Those two reference fields - `sl_refs` from a wiki page to a semantic source,
and `refs` from a wiki page to other wiki pages - turn the context layer into
a graph agents traverse. An agent that finds this page while searching for
"revenue" follows `sl_refs` straight to `orders.total_revenue` for the
executable definition, then walks `refs` to related policies without rerunning
search.

The graph only helps if the edges stay live. KTX validates references when
wiki pages are written and prunes `sl_refs` during ingest when their target
sources are deleted or their measures are renamed - so a stale page can never
quietly route an agent to a definition that no longer exists.
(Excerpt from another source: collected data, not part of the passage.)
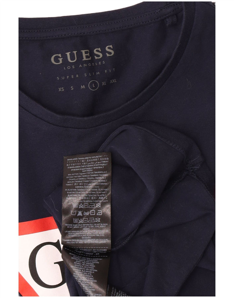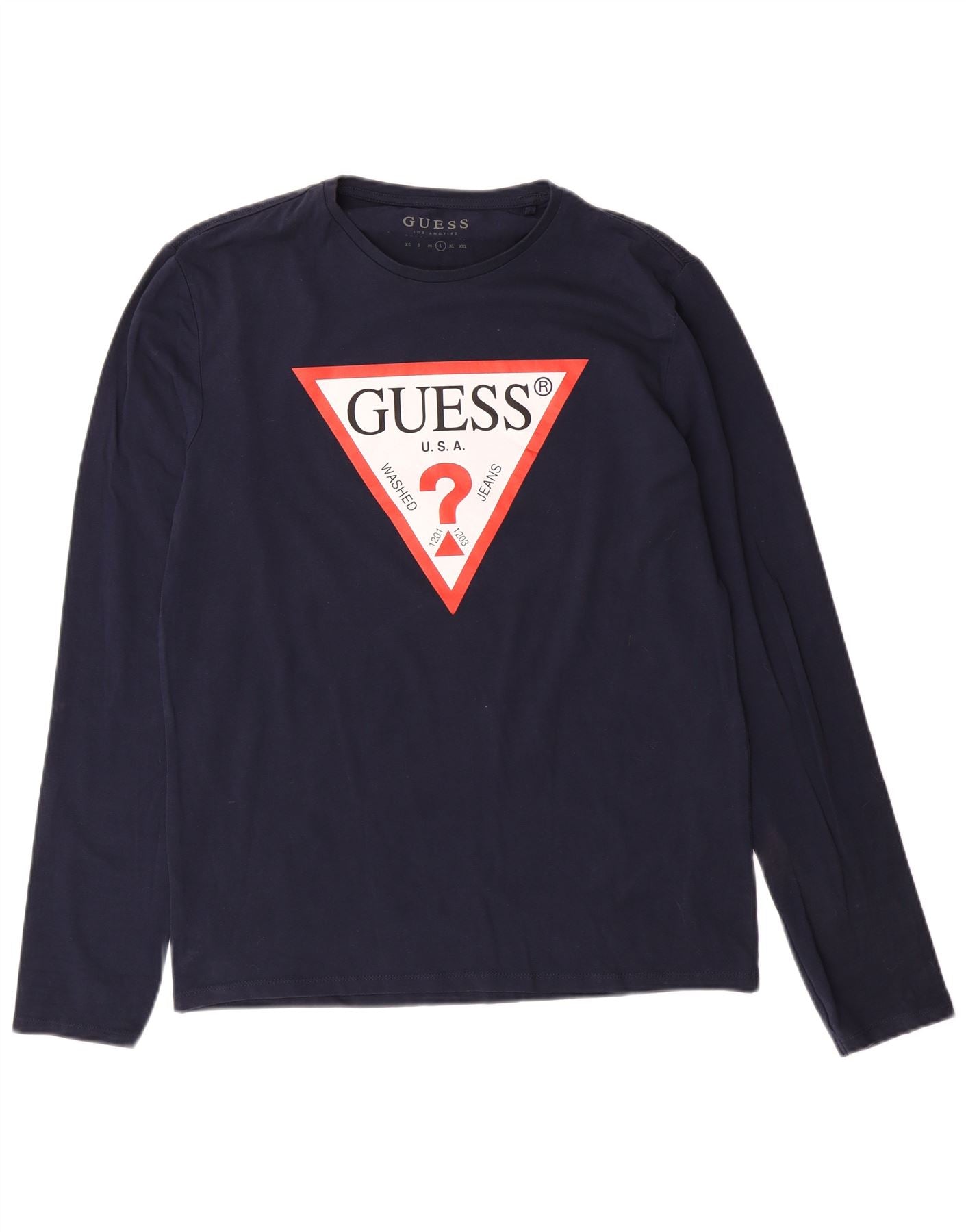 Top gráfico masculino GUESS manga comprida grande algodão azul marinho
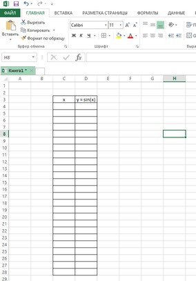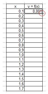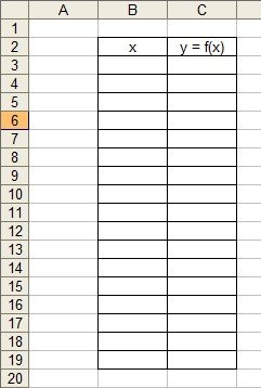 – Перед початком побудови необхідно відкрити новий документ, створити чистий аркуш, і зробити два стовпчики. В одному ви будете записувати аргументи, а інший буде поміщена сама функція. Це все можна побачити на зображенні.
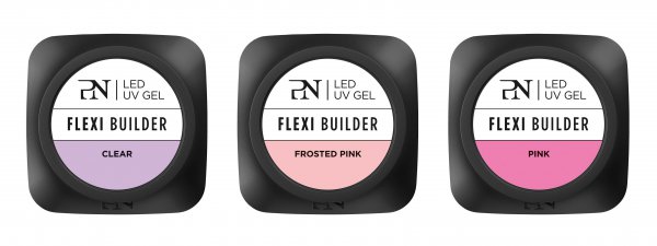 Τα gel χτισίματος FLEXI είναι και δυνατά και εύκαμπτα και παρέχουν μέγιστη αντοχή και ελαστικότητα σε όλα τους τύπους νυχιού. Πολυμερίζονται όλα σε λάμπες LED & UV. Πολυμερίζονται για 60 δευτερόλεπτα στη λάμπα THE LIGHT (LED/CCFL) της ProNails και για 2 λεπτά σε λάμπες UV. Εφαρμόζονται πάνω από τα gel βάσης της ProNails (Perfect Base, Clear Base ή Pink Base) για μέγιστη προσκόλληση στο νύχι.  Είναι τέλεια για επέκταση με φόρμες νυχιών και βγαίνουν σε τρία διαφορετικά χρώματα: CLEAR, PINK και FROSTED PINK και είναι διάφανα στο φυσικό νύχι. Εφαρμόζονται και πολυμερίζονται δάχτυλο-δάχτυλο ή τα τέσσερα δάχτυλα μαζί και οι αντίχειρες ξεχωριστά. Τα gel χτισίματος Flexi είναι ιδανικά για μαθήτριες και αρχάριες τεχνίτριες.
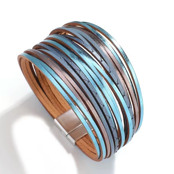This stylish NWT bracelet features a beautiful combination of brown and blue faux leather strips, giving it a trendy, layered look. The metallic blue accents bring a pop of color and modern edge, making it a perfect accessory for casual or dressy occasions. The magnetic clasp ensures a secure and comfortable fit.
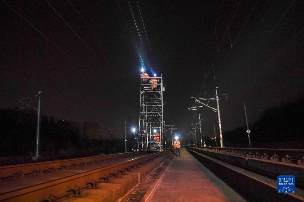 2月23日,綜合維修工在滬寧城際高鐵南京站至仙林站區間對接觸網進行檢修維護。
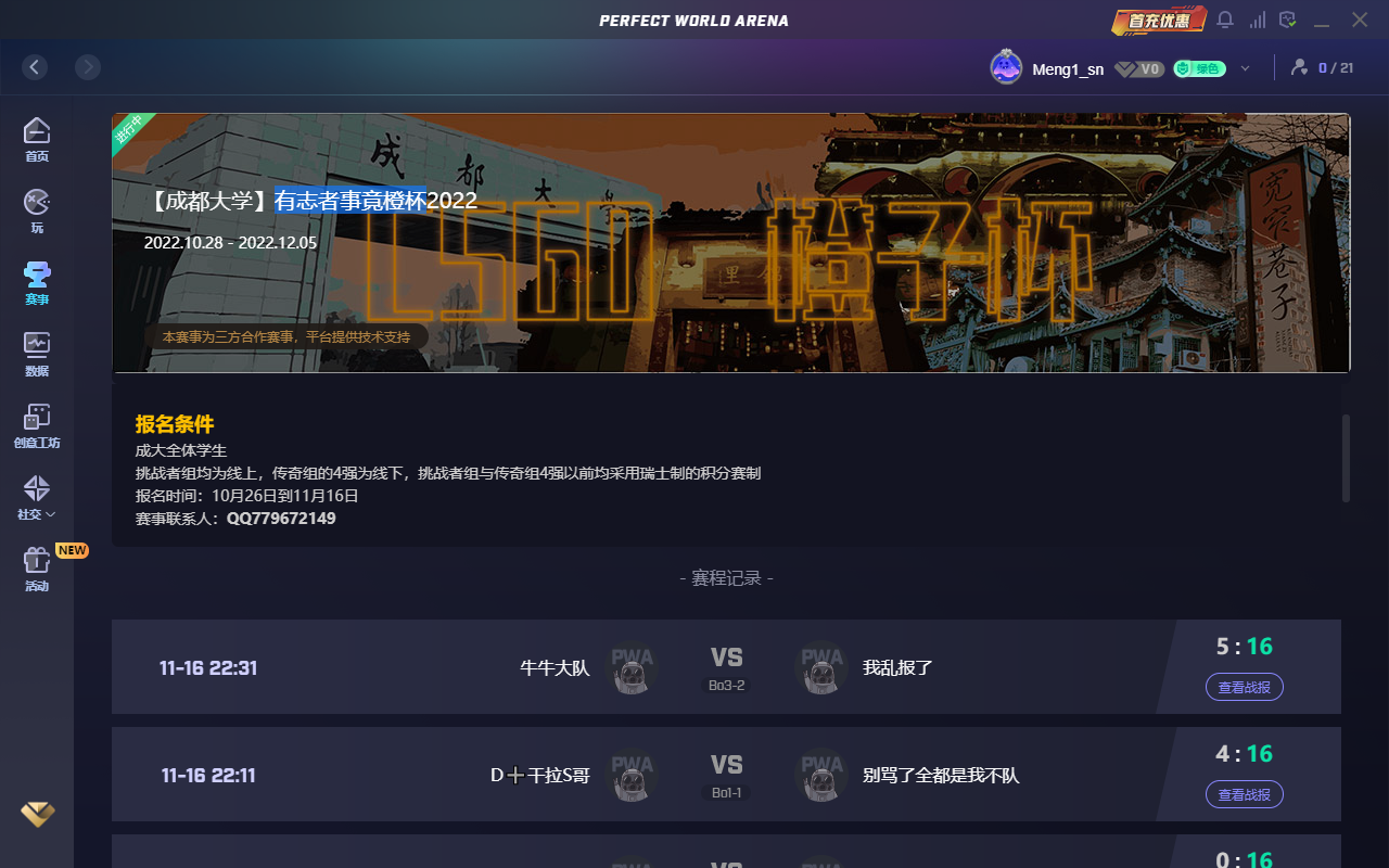 电竞社向完美世界对战平台申请校园比赛,全程比赛在完美世界对战平台线上进行。

The split between the two pillars is sharp:

| Put it in YAML | Put it in Markdown |
|----------------|--------------------|
| `sum(amount)` | "Net revenue excludes successful refunds." |
| `many_to_one` join metadata | "Use the contract segment for board reporting." |
| Row grain and column types | "February had a one-time refund anomaly." |
| Default time dimension | "Finance owns ARR definitions." |

If a fact changes how the SQL runs, it goes in YAML. If a human needs it to
trust the answer, it goes in Markdown.

## How KTX compares

Two adjacent product categories cover parts of this problem - but each leaves
a different gap.

**Company brains** (Glean, Notion AI, the search-over-everything tools) index
your wikis, docs, and chats so an agent can find context fast. They aren't
built for data stacks: there's no join graph, no canonical metrics, and no way
to compile a question into safe SQL. An agent reading them still has to guess
how to query the warehouse.

**Traditional semantic layers** (MetricFlow, Cube, Malloy) solve that side.
They give agents reviewable metric definitions and a compiler that produces
correct SQL. The cost is maintenance - models, joins, and dimensions are
hand-written, and the layer doesn't learn from the warehouse, BI tools, or
query history that surround it. The business context that explains *why* a
definition exists usually lives somewhere else.
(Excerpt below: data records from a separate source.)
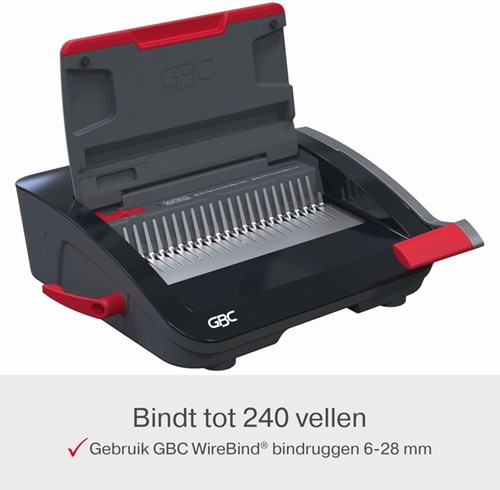 - Bindt tot 330 vellen (80 g/m²) met een 28 mm plastic bindrug
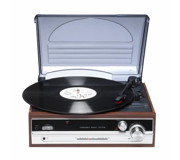 Wbudowany przedwzmacniacz umożliwia podłączenie gramofonu do zewnętrznego wzmacniacza audio, za pomocą uniwersalnego wejścia AUX (cinch).
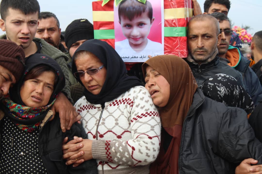 İşgalci Tük devleti ve çetelerince katledilen Efrînli göçmenleri son yolculuklarına uğurlamak için, binlerce Efrînli bir araya gelerek kitlesel bir tören düzenledi
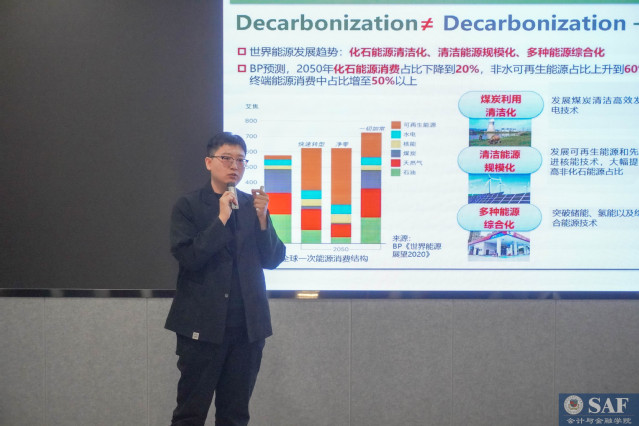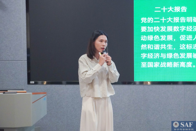 第二位报告者是会计与金融学院的葛泽文老师,他作了题为“BuildingLess to Achieve More: A Degrowth Pathway in Global Net-Zero Energy Transitions”的报告。葛老师在论文中阐述了自己的主要观点:即为了将全球变暖控制在《巴黎协定》所确定的温度目标范围内,世界必须通过加速从以化石燃料为主导的传统能源体系向以可再生能源为中心的现代能源体系的转变,来实现所有领域的快速去碳化。这一转型受到了多种因素的制约。葛老师分析了制约的核心原因,并提出了应对思路。本篇报告的点评嘉宾是来自厦门大学财务管理与会计研究院的侯芳芳老师,她首先肯定了葛老师的研究成果,并详细解读了葛老师的研究结论,为葛老师就相关问题深入研究提供了很多高质量的参考文献和富有建设性的意见。
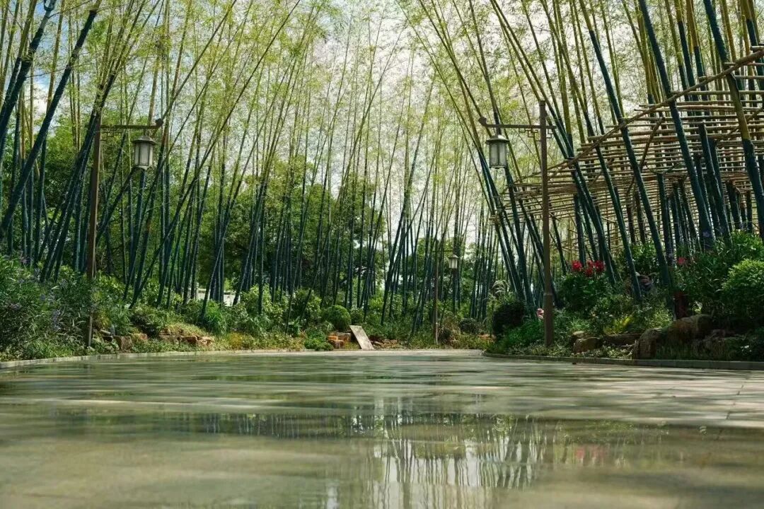 过去,古镇景区入口的铺装风格简单,两侧植被稀疏,空间空旷,缺乏美感。如今,改造后的入口焕然一新,石板铺装让整体风格更显质朴,道路两侧形成“竹林夹径”植物与石景组成精巧的景致。入口亭改建为黛瓦翘檐的中式传统样式,中式窗框透着“一窗一景”的雅致。
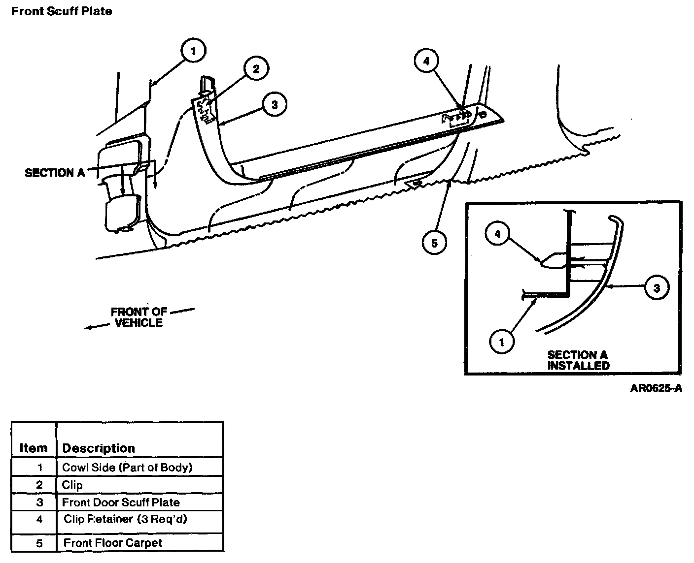 2. Pull up on front door scuff plate to disengage clip retainers from rocker panel.
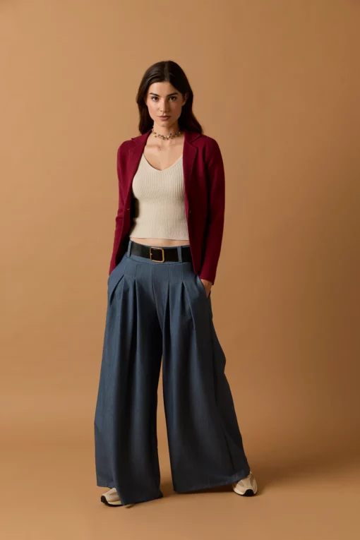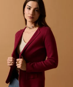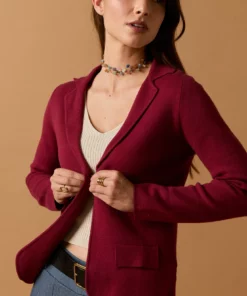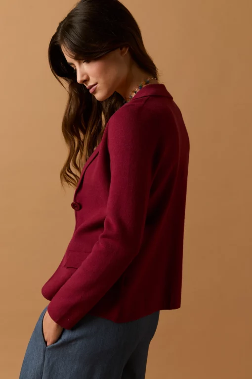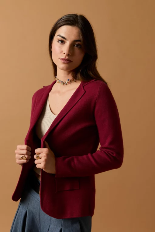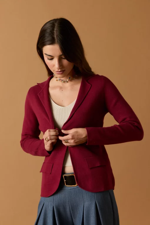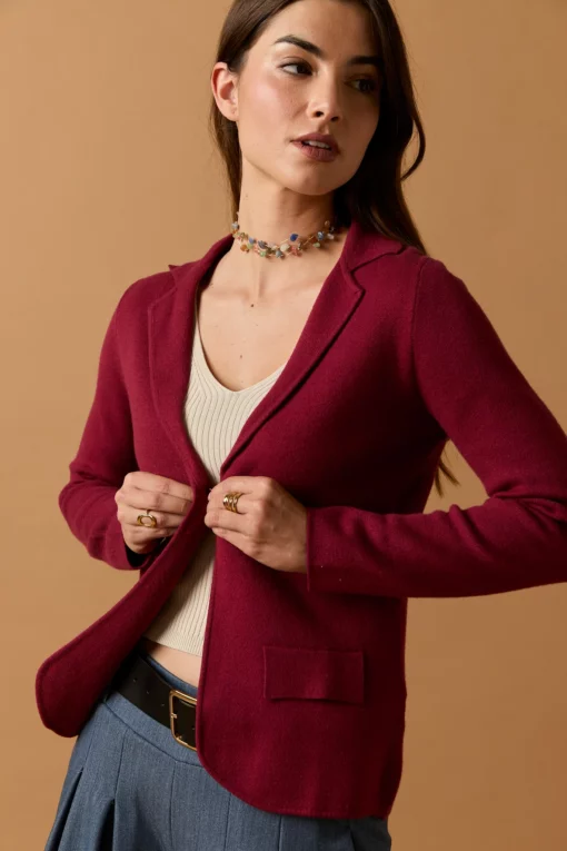 Blazer de punto en color vino. Cuello de solapa, dos bolsillos, manga larga y cierre de botón.

KTX bundles both surfaces - wiki for business context, semantic layer for
queryable definitions - and keeps them current by reading the data stack and
reconciling new evidence with the reviewed files. You get the breadth of a
knowledge tool and the SQL safety of a semantic layer, without rewriting
models every time the warehouse changes.

| Capability | Company brain | Semantic layer | KTX |
|------------|---------------|----------------|-----|
| **Surface** | Indexed docs and chats | Modeling language or runtime | YAML and Markdown files |
| **Data-stack awareness** | None - treats data tools as text | High for declared metrics, none for the surrounding warehouse | Built in: scans schemas, dbt, BI tools, and query history |
| **Maintenance** | Manual page authoring | Manual modeling, model-per-change | Auto-maintained: reconciles evidence with accepted files |
| **SQL safety** | None - generates plausible text | Compiled, dialect-correct | Compiled with join-graph and fan-out handling |
| **Agent edit loop** | Text-only | Tied to the modeling workflow | First-class: patch files, validate, review diffs |

If you already use MetricFlow, LookML, dbt, or BI tools, KTX can ingest that
context and turn it into agent-readable files. You don't need to replace your
serving layer to give agents a better working surface.

## A KTX project on disk

A KTX project is a directory of readable files. Semantic sources and wiki
pages are committed to git; everything else KTX needs at runtime stays local
and out of the repo.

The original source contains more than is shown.